The common definition of "reparations" has been distilled into the payment of money to the descendants of American slaves. The scholarly discussions around the matter most often revolve around arcane mechanics, determinations of the value of slave labor and the definition of ancestry.
"The Insufficiency of Reparations" contends that reparations as so defined are inappropriate, insufficient and dangerous.
Inappropriate, because it suggests that a check, regardless of the amount, is an adequate response to the enslavement and enduring abuse of an entire population of American citizens.
It is not.
Insufficient, because the concept falsely implies that the damage done by centuries of endemic racism has been limited to slavery and its specific victims.
It has not.
Dangerous, because it provides an excuse for white America to consider its obligation to the repair of what it has broken to be satisfied.
It must not.
Coming from an extensive background in business and finance, author Gary Adornato sets out a comprehensive set of programs for addressing the myriad deprivations inflicted on Black Americans, deficits that have their origins in centuries of racial injustice and inequity.

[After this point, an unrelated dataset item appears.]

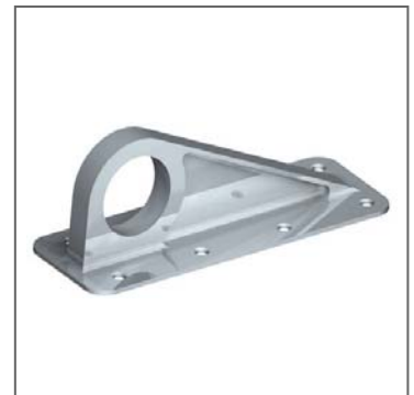
Abbildung 2: Konventionelles Bracket

A business plan for building towards racial equality, "The Insufficiency of Reparations" demonstrates solutions formed within the government and empowered by a legislative mandate that will endure beyond the limits of political fashion. Specific responses to historic and pervasive inequities in education, poverty and health care, in social justice, business and political representation are integrated and supported within powerful structures and initiatives.
Understood in context, the book proposes an ambitious, but ultimately appropriate and fully justifiable recalibration of racial equality. In so doing, in the overdue and deliberate balancing of one eighth of U.S. citizenry, America emerges a stronger and more productive nation, infinitely more capable of asserting the mantle of leadership that has for so long been asked of it.